To further improve the combined ranker’s overall performance, we should carry out a series thorough experiments on the local overfitting phenomenon, and investigate its effect on the error diversity of the ensemble model.

5.2 Feature subset weighting strategy

In this work, we adopt the strategy (see Eqs. (8) and (9)) given in AdaRank to minimize the empirical risk on training set. In this case, all the selected features are treated equally, and the contribution from each single feature is ignored. Actually, each weak ranker can be decomposed into multiple single feature rankers, and thus each selected feature can be assigned a weight proportional to its contribution to the overall ranking performance

$$\begin{aligned} \beta _{tk} \propto \sum \limits _{i=1}^{|Q|} E(x_i, y_i, f_k), ~~k = 1,\ldots , m, \end{aligned}$$
(15)

where \(f_k\) represents the \(k\)th feature selected by the weak ranker \(h_t\).
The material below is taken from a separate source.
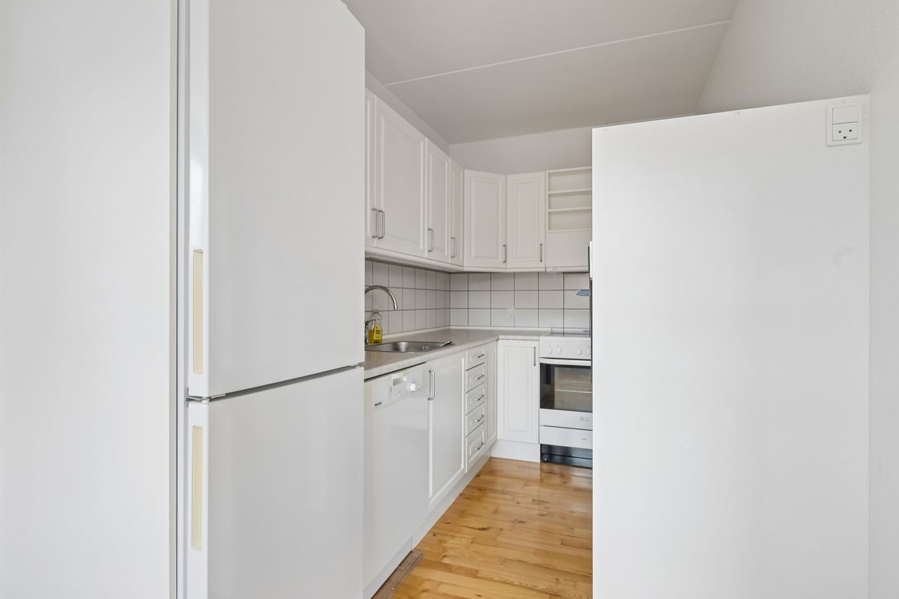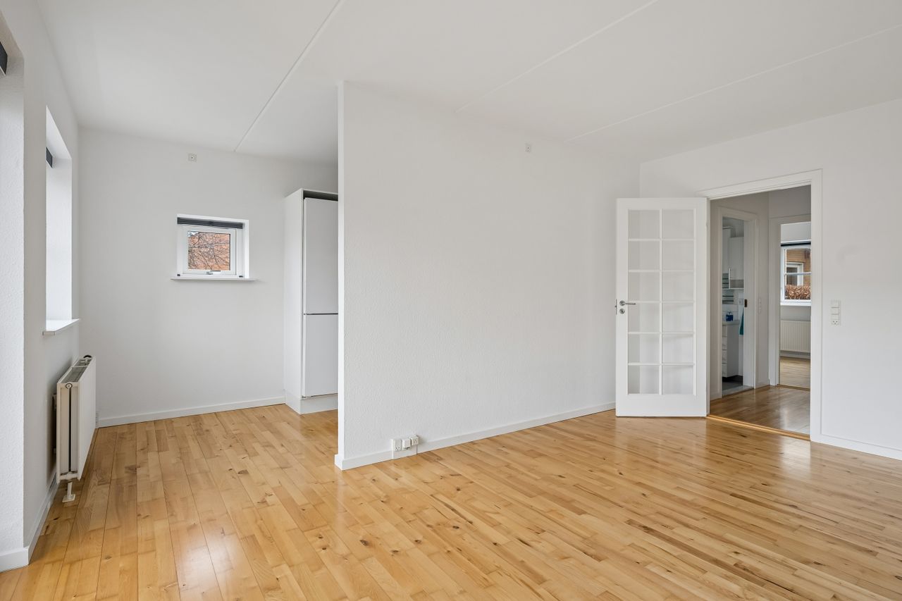 Indretningen er gennemtænkt og udnytter kvadratmeterne optimalt, hvilket gør boligen velegnet til både par, singler eller den lille familie.

This kind of weighting scheme deservers further critical appraisal.

5.3 Conclusions

The key contribution of this work is to introduce data envelopment analysis (DEA) into the field of learning to rank and propose DEARank algorithm. Making use of DEA’s powerful potential in capturing the intrinsic characteristics of documents, we construct the weak ranker candidates using the optimal weights of features for units. The optimal weights are all solved from the DEA variant: CCR-I or CCR-O, and experimental results demonstrate that DEARank provides a promising alternative for rank learning. The incorporation of DEA into rank learning also opens up many challenges and possibilities, e.g., the computational complexity, the generalization ability, the performance of other kinds of DEA models (e.g., BCC (Banker et al. 1984), additive model (Charnes et al. 1985)), and the relationship between the local overfitting phenomenon and the error diversity. We plan to explore these issues in further detail in our future works.